Critics believe that the ability to have done this is what proves that Channing Dungey truly has what it takes to head ABC’s entertainment network. And given the latest scandal, it is clear that she doesn’t shy away from using her position and power for the better.
After the network announced its decision, there were many who asked "Why now?"
Dungey has an answer: “I try to just worry about the things that I can control,” Dungey had told The Hollywood Reporter last August when she was asked about Barr’s quite vocal Twitter feed which had managed to raise quite a few eyebrows within the entertainment industry already.
It is believed that Dungey herself had hired Barr for the Roseanne reboot, but her recent actions were the last nail in the coffin.
Willa Paskin from Slate, wrote: "We can never know for sure what would have happened if a white person were in charge of ABC at this moment, but it strikes me that that person would have been much more likely to administer [a] wrist slap, continuing to put up with the polarizing circus act that is Barr."
Current and former ABC executives, Hollywood agents and producers who know her were not the least bit surprised when she stepped up to fill Lee’s shoes and run ABC entertainment.
"Paul has always said, 'When I leave, Channing will be the next president,” revealed a network insider to the Los Angeles Times. “She's one of those good people that you always root for,” said the network executive. “She's the smartest person they've got.”
But this collective respect and admiration was not won in a day; Dungey has proven herself worthy of earning the love and affection of people in the network via her abilities to tackle any situation whatsoever.
For example, her close bond with Shonda Rhimes – it goes back to the early days of Grey’s Anatomy, which was not long after Dungey had been hired in 2004 by ABC parent Walt Disney Co's television production studio.
It is said that, back in the first season of the show, the network seemingly had issues with its direction — to the extent where production was to shut down to make extreme changes. It was Dungey who stepped in and helped Rhimes get the show back on track, towards the massive hits it is today.
But Rhimes isn’t the only one fond of Dungey, as Walt Disney Co Chairman and Chief Executive Bob Iger is another big fan of hers too.
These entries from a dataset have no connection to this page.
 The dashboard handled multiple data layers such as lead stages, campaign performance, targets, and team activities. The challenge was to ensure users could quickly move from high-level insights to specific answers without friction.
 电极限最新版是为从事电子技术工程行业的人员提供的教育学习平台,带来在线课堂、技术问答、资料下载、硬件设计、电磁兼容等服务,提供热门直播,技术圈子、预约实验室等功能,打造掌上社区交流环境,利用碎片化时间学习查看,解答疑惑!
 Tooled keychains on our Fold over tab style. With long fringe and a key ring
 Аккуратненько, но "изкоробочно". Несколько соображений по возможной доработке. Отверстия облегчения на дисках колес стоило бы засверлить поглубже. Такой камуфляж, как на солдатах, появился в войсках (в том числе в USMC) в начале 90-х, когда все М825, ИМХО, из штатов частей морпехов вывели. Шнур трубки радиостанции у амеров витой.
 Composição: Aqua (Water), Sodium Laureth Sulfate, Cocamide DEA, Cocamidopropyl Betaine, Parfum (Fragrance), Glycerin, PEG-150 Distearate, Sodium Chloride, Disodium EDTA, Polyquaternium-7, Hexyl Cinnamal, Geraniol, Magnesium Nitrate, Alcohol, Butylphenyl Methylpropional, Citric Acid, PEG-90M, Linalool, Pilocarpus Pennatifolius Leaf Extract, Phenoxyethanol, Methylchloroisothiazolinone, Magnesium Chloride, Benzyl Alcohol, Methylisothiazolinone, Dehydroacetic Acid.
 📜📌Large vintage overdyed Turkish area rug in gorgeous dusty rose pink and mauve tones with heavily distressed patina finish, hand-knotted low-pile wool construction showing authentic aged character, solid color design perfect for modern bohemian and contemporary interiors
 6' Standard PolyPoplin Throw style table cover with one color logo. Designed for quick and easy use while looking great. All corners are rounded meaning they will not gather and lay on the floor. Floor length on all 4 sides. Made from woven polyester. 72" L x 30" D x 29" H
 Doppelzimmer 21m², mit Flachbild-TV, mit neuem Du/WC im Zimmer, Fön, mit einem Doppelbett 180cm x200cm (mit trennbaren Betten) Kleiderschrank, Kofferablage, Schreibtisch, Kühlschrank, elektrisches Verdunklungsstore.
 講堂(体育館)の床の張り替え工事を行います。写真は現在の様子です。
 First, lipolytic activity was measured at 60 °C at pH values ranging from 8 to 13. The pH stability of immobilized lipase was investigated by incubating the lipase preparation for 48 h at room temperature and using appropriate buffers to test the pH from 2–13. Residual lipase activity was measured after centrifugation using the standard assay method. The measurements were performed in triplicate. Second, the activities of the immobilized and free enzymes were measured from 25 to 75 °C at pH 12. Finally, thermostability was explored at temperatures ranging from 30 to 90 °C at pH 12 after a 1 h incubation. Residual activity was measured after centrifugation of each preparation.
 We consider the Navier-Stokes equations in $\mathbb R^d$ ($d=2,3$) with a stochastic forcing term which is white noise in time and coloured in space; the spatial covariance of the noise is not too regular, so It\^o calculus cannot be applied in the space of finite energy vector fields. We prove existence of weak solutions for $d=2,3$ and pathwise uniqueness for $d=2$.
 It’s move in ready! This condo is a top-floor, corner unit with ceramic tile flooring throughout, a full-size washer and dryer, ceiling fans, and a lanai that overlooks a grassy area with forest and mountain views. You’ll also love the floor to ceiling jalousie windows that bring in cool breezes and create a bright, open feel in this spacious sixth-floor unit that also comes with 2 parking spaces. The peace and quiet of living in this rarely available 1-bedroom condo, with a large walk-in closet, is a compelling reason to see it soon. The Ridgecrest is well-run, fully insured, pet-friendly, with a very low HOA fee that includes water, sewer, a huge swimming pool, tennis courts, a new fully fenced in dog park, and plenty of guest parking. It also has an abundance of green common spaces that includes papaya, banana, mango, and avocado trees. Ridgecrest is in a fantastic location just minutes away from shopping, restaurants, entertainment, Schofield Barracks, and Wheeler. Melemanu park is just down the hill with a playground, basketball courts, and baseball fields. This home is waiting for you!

Rick Rosen, partner and head of television at William Morris Endeavor, asserted how TV agents adore working with her, as Los Angeles Times reported. “She is very bright and very well-regarded,” he said.
Knowing Roseanne’s standing within the industry, there weren’t many who could have stood up against her extremely divisive ramblings on social media.
Channing Dungey did the one thing ABC should have done a long time ago. And, for now, that’s all the world needs to know about her.